Bilgisayar icat edilmeseydidünya farklı olurdu.Bilgisayar icat edilmemiş olsaydı dünya bambaşka olurdu.

Keşke/Keşke inşaat

Doğru kullanım tasarımlar diliyorumİngilizce konuşmanızı süsleyecek.

tasarım diliyorum... (Nasıl isterdim...) (Yazık...) - gerçekçi olmayan tipe aittir. Wish'ten sonra her zaman Past veya will + mastarı kullanılır. Bu cümleler, arzu edilen bir şeyin yolunda gitmemesi veya daha önce yürümemesi durumunda pişmanlık, hayal kırıklığı, üzüntüyü ifade etmek için gereklidir.
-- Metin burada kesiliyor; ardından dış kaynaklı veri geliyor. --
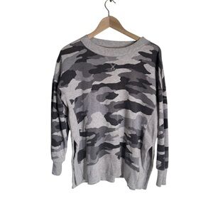Aerie Camo Oversized Crewneck Sweater Black Grey Casual Loungewear Size Small
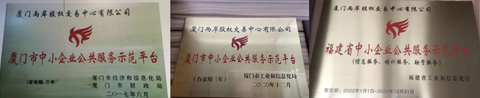 厦门两岸股权交易中心自成立以来,为中小微企业提供培育孵化、改制辅导、展示挂牌、登记托管、融资转让、财务顾问、管理培训、路演宣传、上市培育等一揽子服务,先后获得“海西标杆”金融机构、深交所“闽南科技金融路演中心”、厦门市中小企业公共服务示范平台、福建省中小企业公共服务示范平台、2016-2019年厦门市中小企业服务月活动优秀组织奖、厦门“双百”人才企业金融服务驿站、厦门市人才培训基地、厦门市人才工作先进集体、厦门市直系统文明单位、火炬创新券服务机构、深圳证券交易所厦门基地、厦门市企业上市培育中心等荣誉、资质。
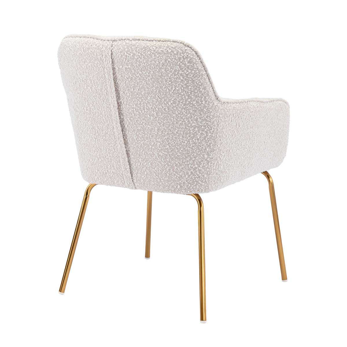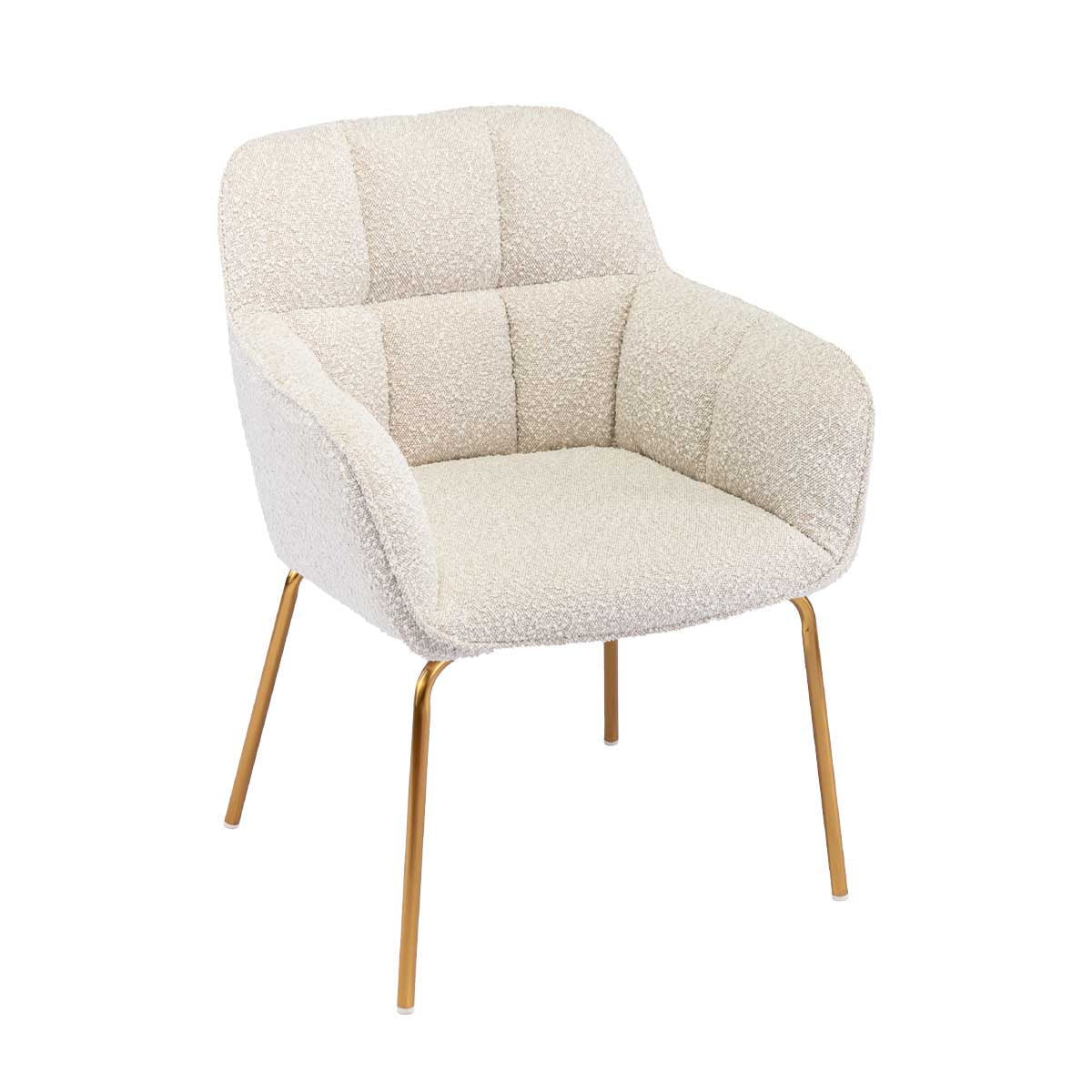 The Stella Boucle Dining Chair features a retro-inspired aesthetic designed with luxurious comfort in mind. Featuring a visually unique padded form, the Stella is crafted with solid steel legs that provide a sturdy foundation for its deep, bucket-style seat. Upholstered in a stunning boucle upholstery, the seat also features supportive armrests that make Stella both incredibly comfortable and versatile to use at the dining table or as an accent chair in any living space.
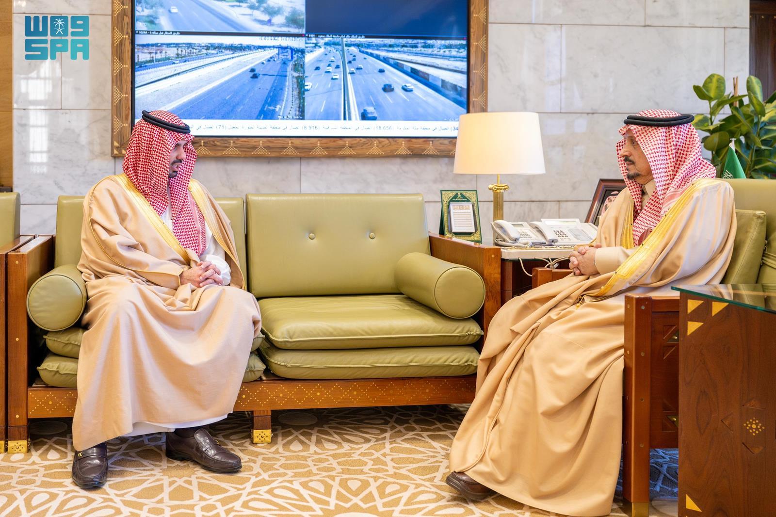 استقبل صاحب السمو الملكي الأمير فيصل بن بندر بن عبدالعزيز أمير منطقة الرياض, في مكتبه بقصر الحكم اليوم، صاحب السمو الأمير فيصل بن عبدالعزيز بن عيّاف أمين المنطقة، الذي قدم التهنئة بمناسبة حلول شهر رمضان.
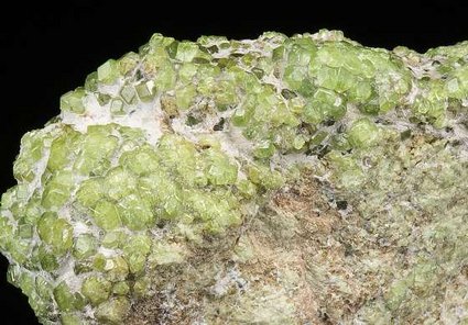 Ciappanico, Malenco Valley, Sondrio, Italy - Nice andrqadite coating with hundreds aof crystals with bright green color and up to 0.3 cm. Very nice a rapresentative of the locality. Overall size is 5x4x2 cm. Ex R. Vochten collection.
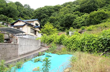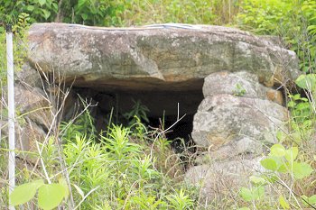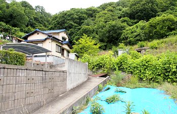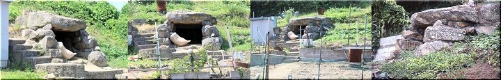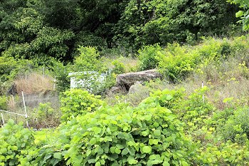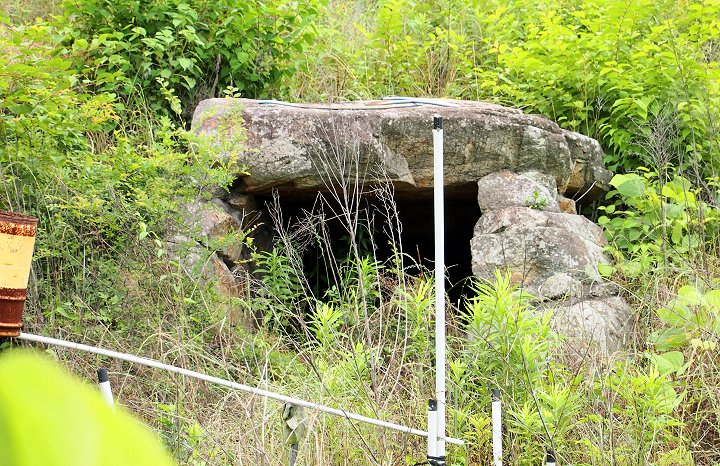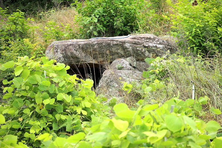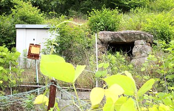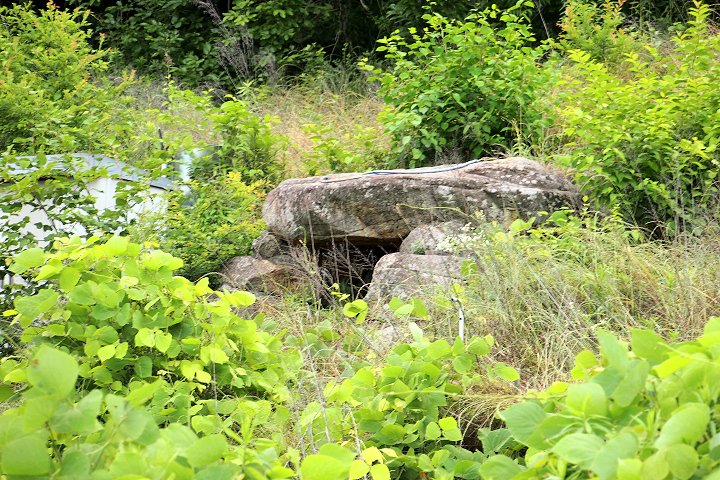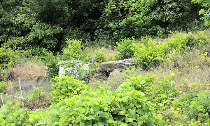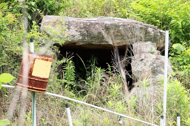 道から見える古墳です。家の庭にある古墳で、石室が露出しています。古墳をよく見てみると、コンクリートで補強してあったり、物が入れてあったりしていました。
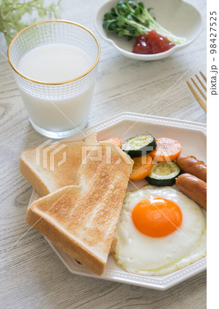 朝食イメージ ( 食パン サラダ 目玉焼き ウインナー ベーコン )
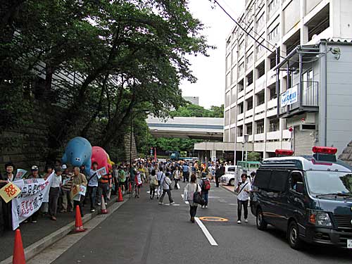 国会正門前を通って移動
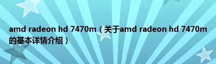 amdradeonhd7470m(关于amdradeonhd7470m的基本详情...
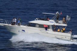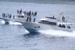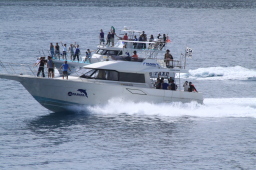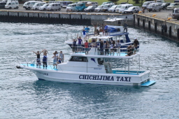 | ツアーでお世話になった父島タクシーの船です。 お見送りの人がずいぶん乗っています。 観光シーズンが間近に迫っているようです。 |
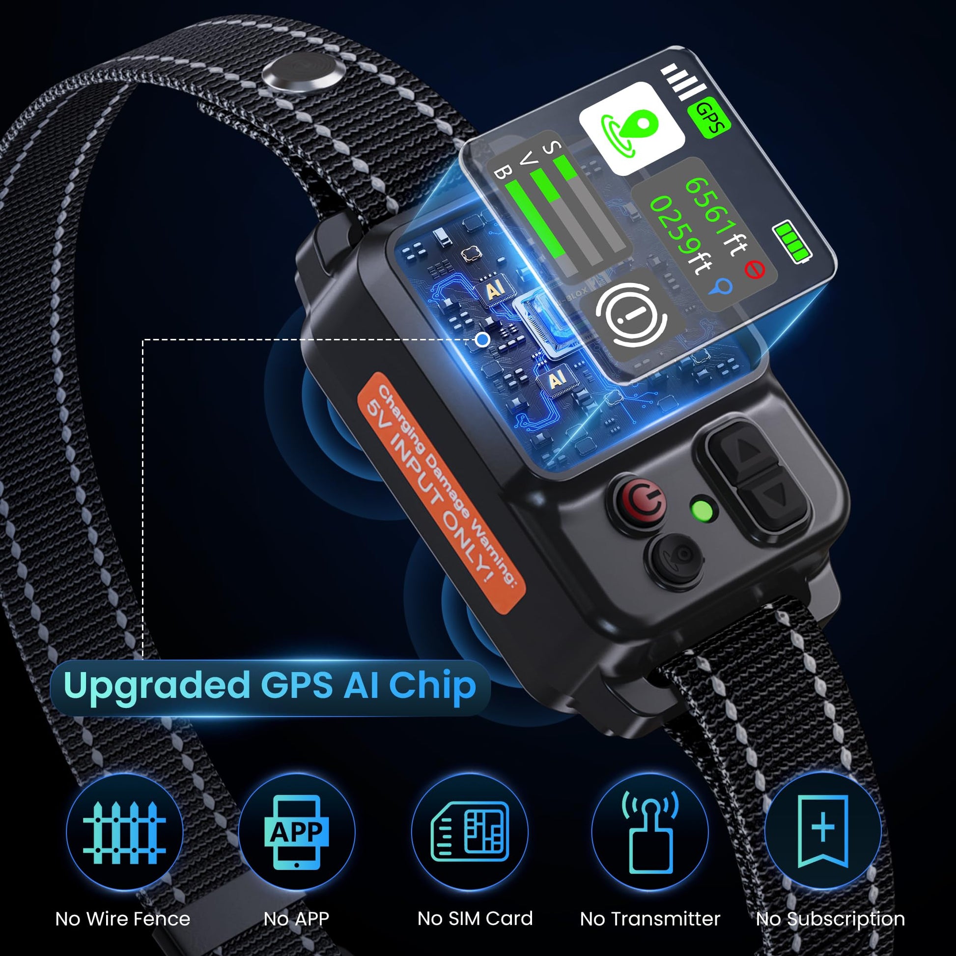 • 【Next-Gen GPS Wireless Fence】Our GPS wireless dog fence adopts the latest 'AI algorithm GPS technology', which has advanced anti-interference ability, ultra-high sensitivity, and intelligent identification talent, accurately recognizes your dog's real-time position, then trains your dog's behavior of not crossing the wireless fence, ensure your dog staying in the designated safe zone.
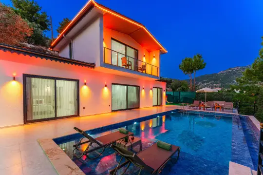 Kalkan İslamlar mevkiinde yer alan 3 odalı, 6 kişilik konaklama kapasitesine sahip panoramik deniz manzaralı jakuzili kiralık villamız, hem aileler hem de arkadaş grupları için konforlu ve keyifli bir tatil alternatifi sunmaktadır. Doğayla iç içe, sakin ve ferah bir konumda yer alan villa, Kalkan’ın eşsiz deniz ve gün batımı manzarasını yüksek kotta konumuyla misafirlerine geniş bir perspektiften izleme imkânı sağlar.
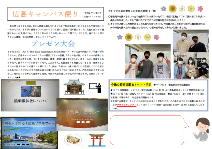 広島キャンパス便り10月号を発行いたしました!
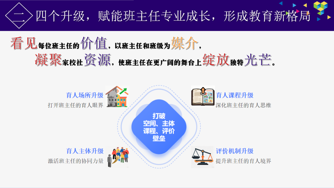 面对时代要求,周凯处长指出,班主任要紧扣“立德树人”根本任务。一方面,挖掘校园活动资源,引导学生树立规则意识;另一方面,用班会塑造班级文化,以家长会构建家校共育格局。
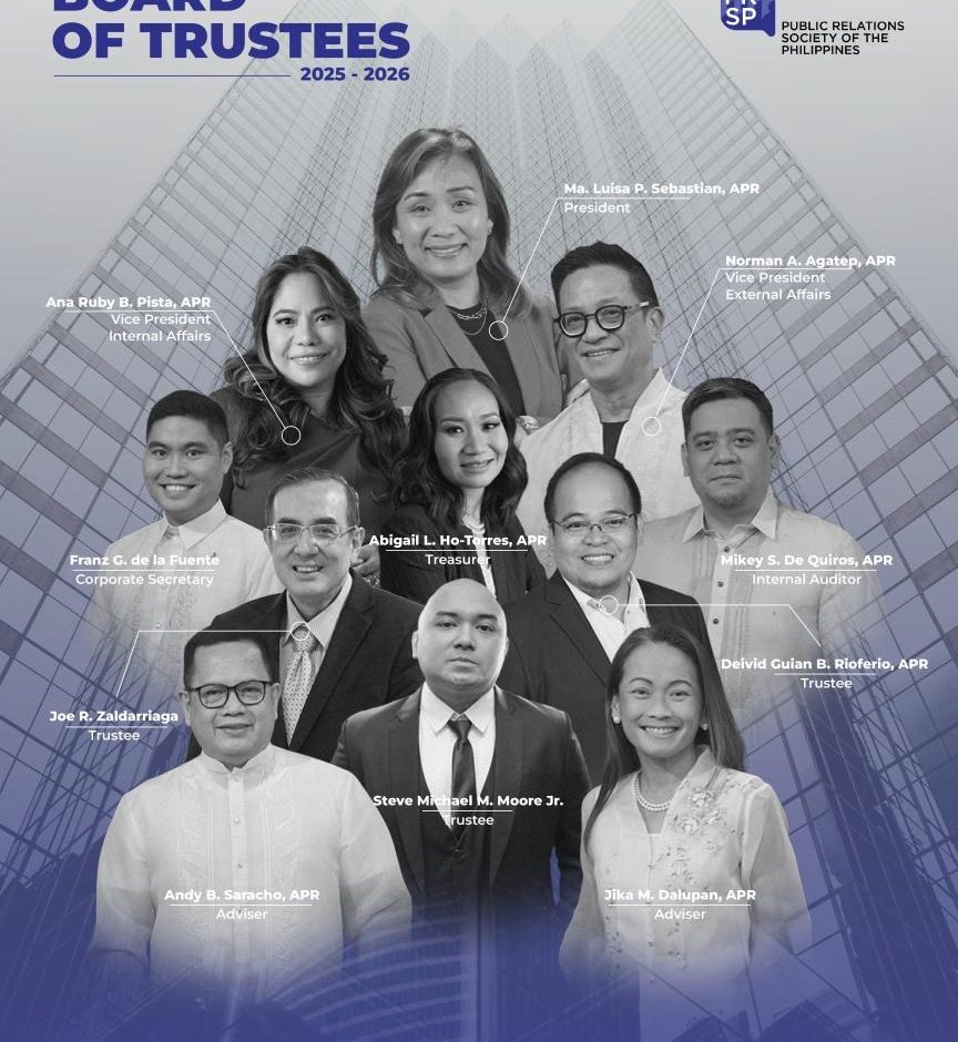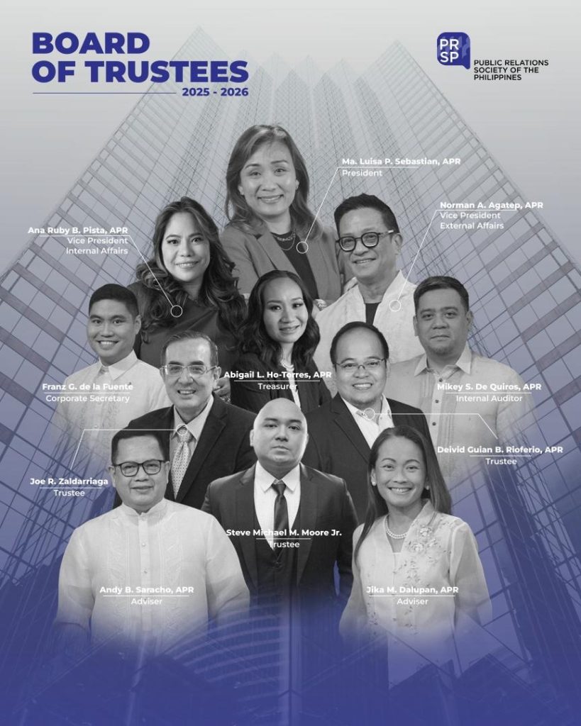 Join us in welcoming: Ma. Luisa P. Sebastian, APR (Brown Bag Communications), President; Ana B. Pista, APR (Ardent Communications), VP-Internal Affairs; Norman A. Agatep, APR (Grupo Agatep), VP-External Affairs; Abigail L. Ho-Torres, APR (Ikigai Philippines), Treasurer; Franz G. de la Fuente (Aboitiz Infracapital), Corporate Secretary; Paul Michael S. De Quiros, (Full Circle Communications, Inc.), Internal Auditor; Agapito Jose R. Zaldarriaga (MERALCO), Trustee; Steve Michael M. Moore Jr. (De La Salle-College of Saint Benilde), Trustee; and Deivid Guian B. Riofero, APR (TrustBridge Global Foundation), Trustee.

Keşke inşaatı için çeviri kuralı. Rusça'da cümle olumluysa, İngilizce'de olumsuz olacaktır ve bunun tersi de geçerlidir. Örneğin:

    Keşke bisikletim yapmamıştı çalıntı. (Edebi çevirisi: Keşke bisikletim çalınmasaydı.)

    Keşke bisikletim vardıçalınmış. - Ne yazık ki bisikletim ÇALINMADI. (Edebi çevirisi: Keşke bisikletim çalınsa.)

Rusçadan çeviri yaparken “Yazık (istiyorum)” şeklinde cümle kuruluyor ve işaret değişiyor. Mesela iş günü boyunca uyumuş olmam çok yazık. - Keşke iş günü boyunca uyumasaydım. Bu cümlenin İngilizce'den birebir çevirisi: Keşke iş günü boyunca uyumasaydım.

Durumu hayal edelim. İlginç bir kişiyle tanıştınız ve telefon numaralarını değiştirdiniz. Bir gün onu aramaya karar verirsiniz ama numarayı kaybettiğinizi fark edersiniz. İçinizden şöyle diyorsunuz: "Numarasını bilmemem çok yazık." Bu İngilizcede kulağa nasıl geliyor? Keşke telefon numarasını bilseydim. Ve burada kafa karışıklığı ortaya çıkıyor... Neden Rusça cümle olumsuz, İngilizce cümle ise olumlu? Ve şunu da belirteyim ki bu her zaman böyle olacaktır. Eğer Rusça ya da İngilizce cümlemizi tam anlamıyla tercüme etmeye çalışırsanız bu noktayı anlamak kolaydır. Keşke ifadesinin kendisi, istediğim / isterim ifadeleriyle eş anlamlıdır, yani "İstiyorum, diliyorum, isterim." Cümlemizin yeni bir Rusça karşılığı ortaya çıkıyor - Onun numarasını bilmemi istiyorum (çeviri gerçektir; sayıyı hala bilmiyorsunuz, bu yüzden pişman oluyorsunuz, duygularınızı "özür dilerim" kelimesiyle ifade ediyorsunuz). Ancak şimdi bunu İngilizceye çevirirseniz, tam olarak yukarıdaki İngilizce versiyonu elde edeceksiniz. Eğer bir cümleyi tam tersi şekilde İngilizceden Rusçaya çevirmeniz gerekiyorsa, aynı şekilde yeniden düzenleyin - Yazık... ve sonra artıyı eksiye veya eksiyi artıya (pozitif cümleyi negatife ve eksiye) değiştirin. tersine).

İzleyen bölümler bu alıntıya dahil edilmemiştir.